La colère gronde dans la voix de Malcolm tandis qu'il se lève, le regard sombre, et vient m'attraper par le bras pour m'entraîner avec lui. Il ne me laisse pas le choix. Il ne me laisse jamais le choix.

Je le suis sans résistance, lasse. Mais Kiara, elle, ne semble pas disposée à le laisser m'éloigner sans protester.

— OK, tu veux jouer à "Monsieur je contrôle tout" avec moi, c'est ça ? le toise-t-elle, un sourire défiant sur les lèvres. Sauf que ça ne fonctionnera pas. N'oublie pas que tu me dois une faveur...

Elle laisse planer le doute, et je vois Malcolm se raidir imperceptiblement. Il hésite. Il serre la mâchoire. Il n'aime pas qu'on lui rappelle qu'il puisse être redevable de quoi que ce soit.

Et pourtant, il lâche mon bras.

Le geste est brutal, manquant de me faire perdre l'équilibre. Je rattrape de justesse mon souffle tandis qu'il s'éloigne, visiblement contrarié, marmonnant des jurons incompréhensibles.

Je relève les yeux vers Kiara, qui me regarde avec un éclat de victoire dans le regard.

Je ne sais pas si je dois la remercier ou redouter ce qu'elle attendra en retour.
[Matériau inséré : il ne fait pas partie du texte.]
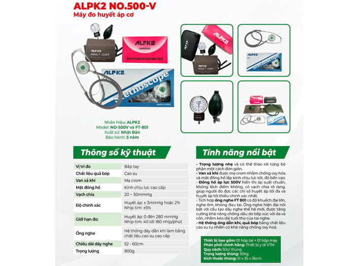 Máy đo huyết áp cơ ALPK2 NO.500-V (kèm tai nghe nhịp tim) |
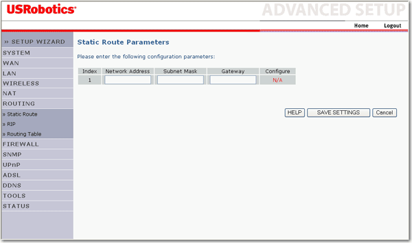 1. Per aggiungere un nuovo percorso statico, fare clic su Add (Aggiungi).
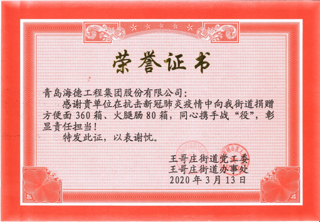 集團(tuán)董事長(zhǎng)鞏光磊在得知王哥莊街道社區(qū)防控一線人員加班加點(diǎn)為周邊居民做好防控吃飯不便的情況下,迅速采購(gòu)物資,為王哥莊街道送去360箱方便面、80箱火腿腸作為后勤保障。集團(tuán)一直熱心公益事業(yè),自新型冠狀病毒感染肺炎疫情發(fā)生后,集團(tuán)、各分支機(jī)構(gòu)及所有員工都伸出援助之手抗擊疫情,已向嶗山區(qū)紅十字會(huì)、嶗山區(qū)沙子口街道、膠州區(qū)李哥莊、王哥莊街道等多地捐款捐物,攜手戰(zhàn)“疫”彰顯海德責(zé)任擔(dān)當(dāng)。
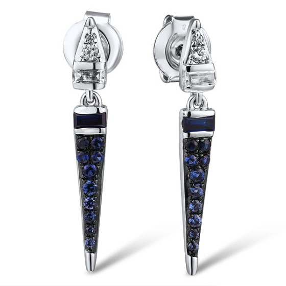 Sterling Silver w/ Black White Plating Earrings Created Sapphire,Created white sapphire (E310548CSWSK925)

La brune m'adresse un sourire en coin avant de tourner les talons et de m'inviter à la suivre d'un simple signe de tête. J'hésite. Une part de moi se demande si je ne ferais pas mieux de rester tranquille, de ne pas chercher à comprendre l'endroit où je suis tombée. Mais la curiosité, ou peut-être l'instinct de survie, finit par l'emporter.

— Viens, murmure-t-elle. Promis, je ne vais pas te mordre.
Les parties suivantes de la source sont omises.